The window memory is allocated in response to operating system
calls made by the executing application through the application
program interface (API) of the operating systems 40. Other calls
can also be made by the application to specify various window
decorations and to establish callbacks to the application upon user
manipulation of the associated window decorations.
[0043] With each call to create a window, the operating system 40
adds a list entry to the tree structured window list. The logical
root of this window list is the desktop or root window of the
operating system 40. Typically, a single word of data, utilized as
a pointer to the root window list entry of the tree structured
list, is stored in a root window pointer location 62. The root
pointer is initialized to point to a root window list entry. The
root window entry, like all other tree structured window list
entries, typically includes structure links sufficient to allow a
linked list type traversal of the tree structured window list by
the operating system 40. Traversals of the window list are
performed by the operating system 40 to determine window boundaries
and visibility in connection with display update events, for
example.
[0044] Each entry in the window list also provides storage for a
pointer reference to the base of a window memory space
W.sub.1-W.sub.n, existent within a corresponding application
42.sub.1-42.sub.n.
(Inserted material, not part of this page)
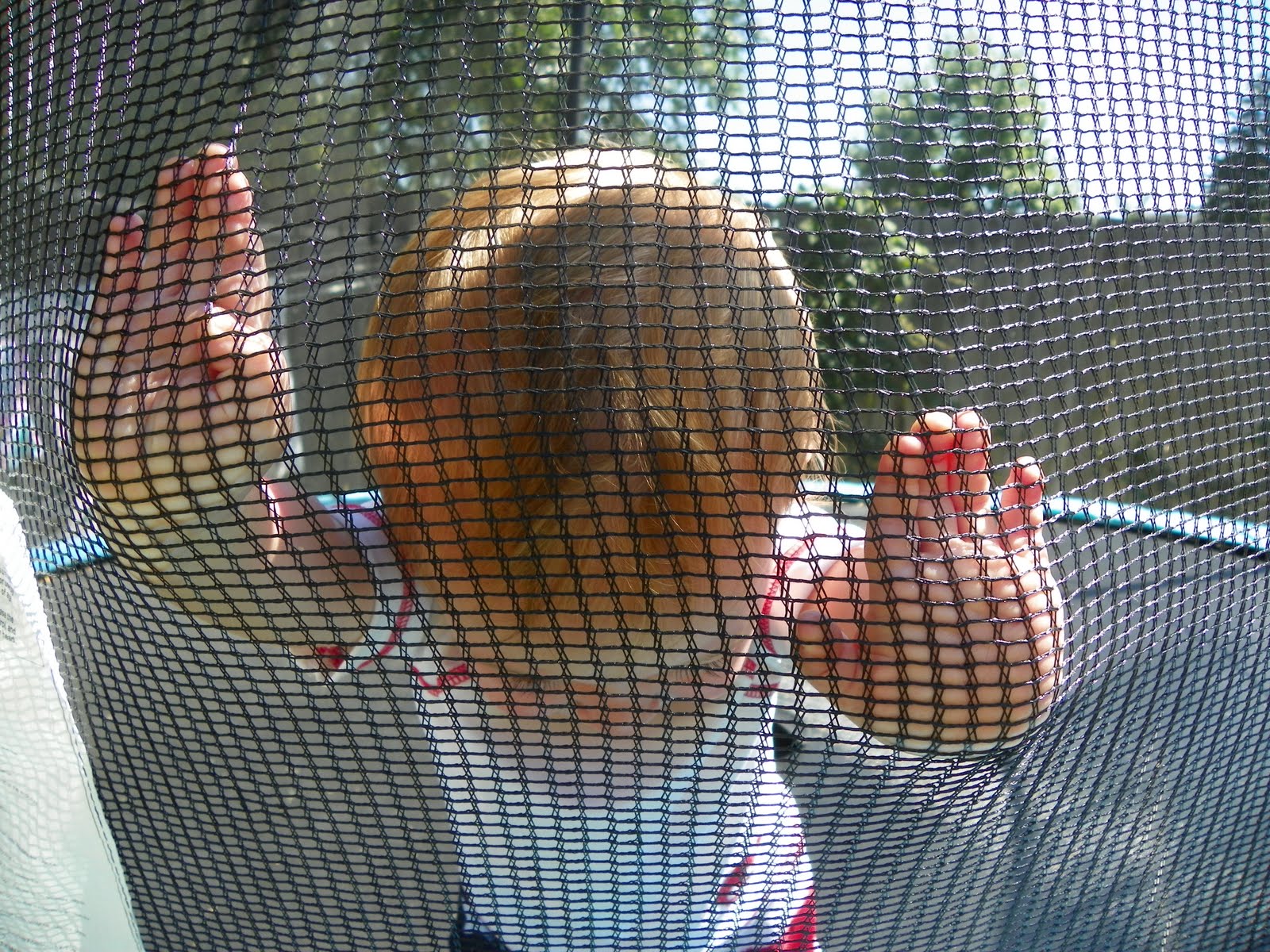 So they played on the trampoline a little bit. Markus likes to sing while he jumps.

Thus, as each application window W.sub.1-W.sub.n
is created, additional window list entries are allocated and linked
below the root window to form the tree structured window list. By
the ordered linkage of the entries, a hierarchical relation is
established representing the desired display window hierarchy over
the root or desktop window.
[0045] Another data word is separately stored by the operating
system 40 in an active window pointer location 64. The pointer
reference stored in the location 64 may be a pointer into the
application entry list 60 or directly to a particular application
in memory. This referenced application is identified as the
currently executing foreground application. As such, the
application is also the one application that currently has the
input focus of the operating system 40. Any other applications may
continue to effectively execute in the background as supported by
the operating system 40, at least until user input is provided. In
general, the application that is executing within the window with
input focus receives normal keyboard and mouse input data. Events
that are specified to change the input focus, such as a mouse click
in another window, may shift the input focus to another window and
therefore direct input to another application. With each change in
input focus, the pointer stored in the active window pointer
location 64 is correspondingly updated to reference the new active
foreground executing application.
[0046] Finally, the operating system 42 preferably provides for the
storage of a drawing routine table 66. This table 66 is utilized as
a jump table permitting integration of a device specific display
driver with the virtual display drawing operations internally
supported by the operating system 40. In the preferred embodiment,
an executing application 42.sub.1-42.sub.n may issue an series of
virtualized API drawing command calls to the operating system 40.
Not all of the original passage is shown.